[Data provided — start]

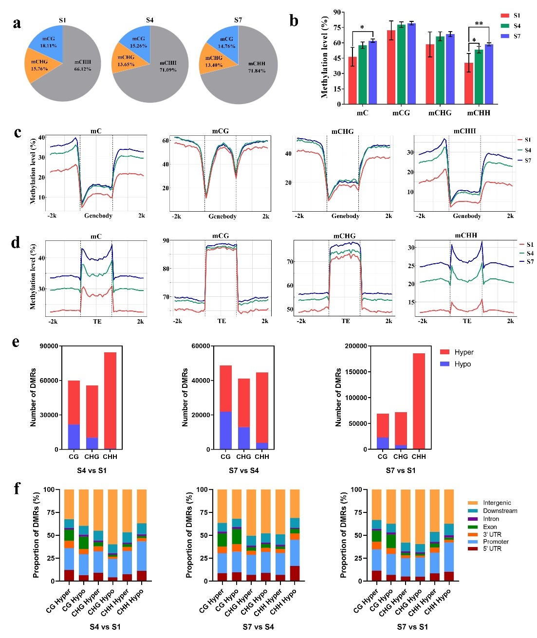 图 3‘黛红’果实不同发育期果皮DNA甲基化变化分析
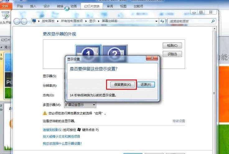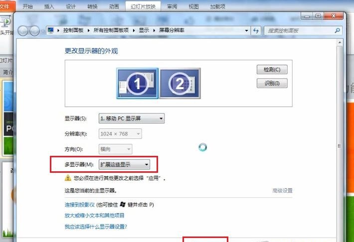 3. 目前已經(jīng)將計算機連接好了投影儀,可以看到已經(jīng)出現(xiàn)了兩個監(jiān)視器,在“顯示器選擇”中選擇“擴展這些顯示”,然后單擊“確定”按鈕;
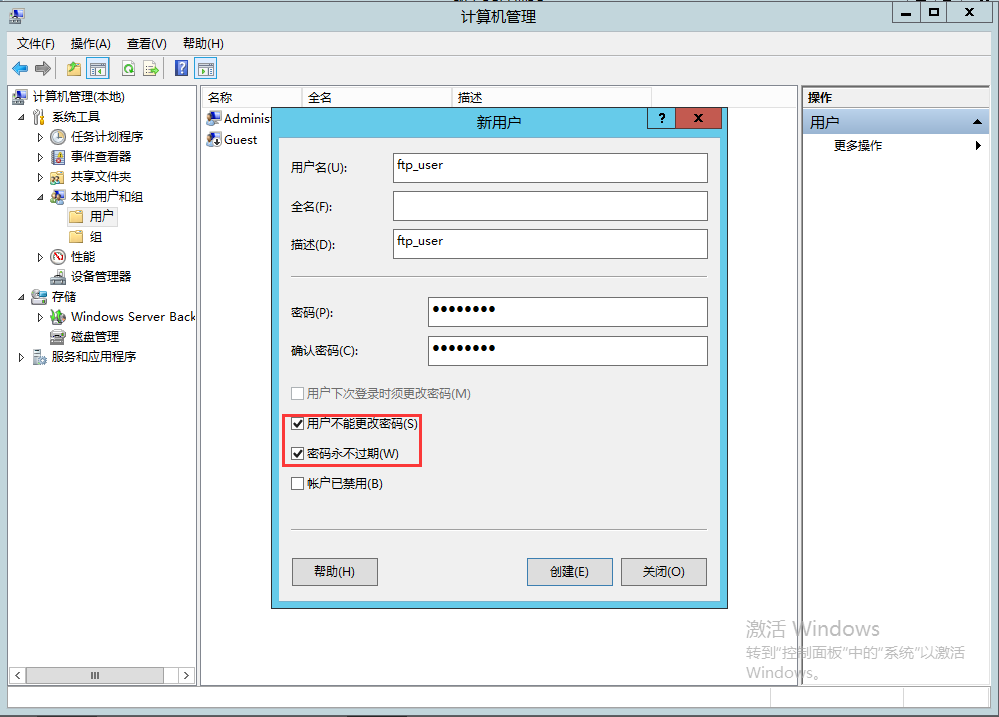 用户密码按照下图勾选,创建用户

[Data provided — finish]

■ Problem to work on ■
Whenever images occur above, omit them and retype each line exactly as it stands.

■ Finished task ■
 图 3‘黛红’果实不同发育期果皮DNA甲基化变化分析
 3. 目前已經(jīng)將計算機連接好了投影儀,可以看到已經(jīng)出現(xiàn)了兩個監(jiān)視器,在“顯示器選擇”中選擇“擴展這些顯示”,然后單擊“確定”按鈕;
 用户密码按照下图勾选,创建用户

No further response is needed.